[R-meta] Difference in Proportions Meta-Analysis

Dear Michael,

Thanks. I am using metafor (or rather planning to for this).

Initially I had performed two separate single arm meta-analysis of
proportion as follows to get an estimate for each of the arms:

rma(yi = arm1_prop_plogis, sei = arm1_se, slab=author_year ,
data=gastric_data, method="REML")

rma(yi = arm2_prop_plogis, sei = arm2_se, slab=author_year ,
data=gastric_data, method="REML")

But then it was pointed out that it would be more interesting to
meta-analyze the difference in proportions from both arms, and hence my
question.

So what I have done is:


   1. Calculate the raw proportion differences i.e. before using the R
   function "qlogis"
   2. Calculate a single SE from the SE of both arms using the equation
   provided by Wolfgang.

Then the two outputs are what I hope to provide as inputs to rma exactly as
I had done before for the single arm analysis.

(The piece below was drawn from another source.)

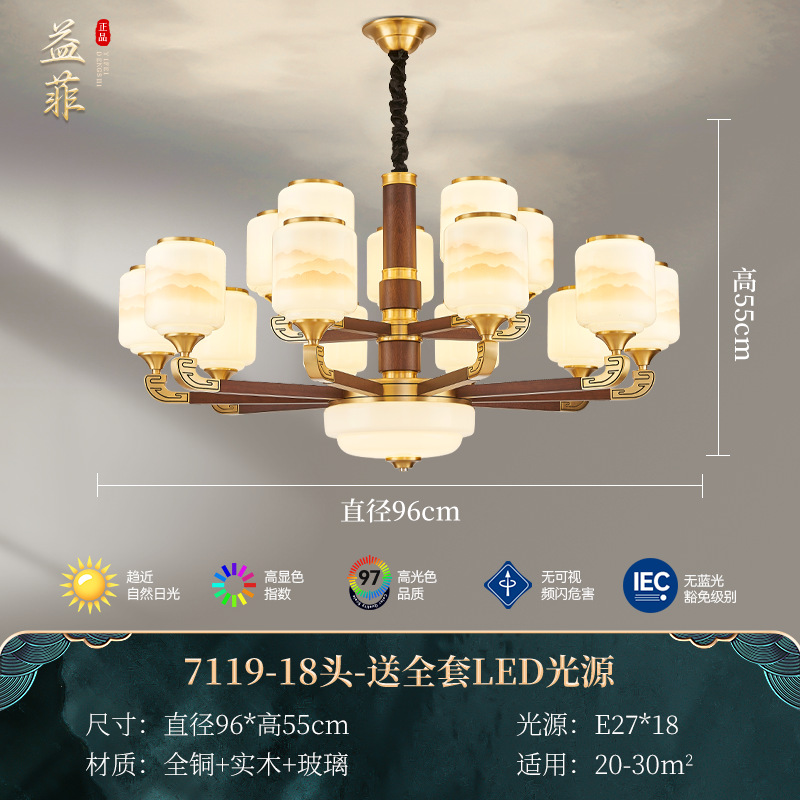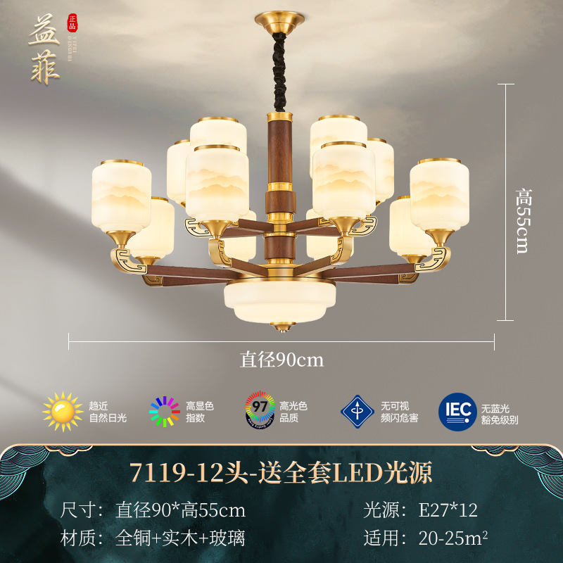 새로운 중국 스타일 거실 샹들리에 현대 간단한 자체 빌드 빌라 홀 솔리드 우드 샹들리에 하이 엔드 대기 가정용 램프스토어 가기

Is there a more direct way to do this? or am I missing something?

Thanks for your help,

Sincerely,
nelly







On Mon, Jun 8, 2020 at 2:48 PM Michael Dewey <lists at dewey.myzen.co.uk>
wrote:

Dear Nelly

I am not sure what software you use but both meta and metafor provide
analysis of risk differences (which is what differences in proportions
are) so you may get what you want directly there.

Michael

On 08/06/2020 11:36, ne gic wrote:

Dear List,

I aim to perform a meta-analysis and present a forest plot of the
difference in proportions between two groups.

For each group I have proportion and standard error (SE).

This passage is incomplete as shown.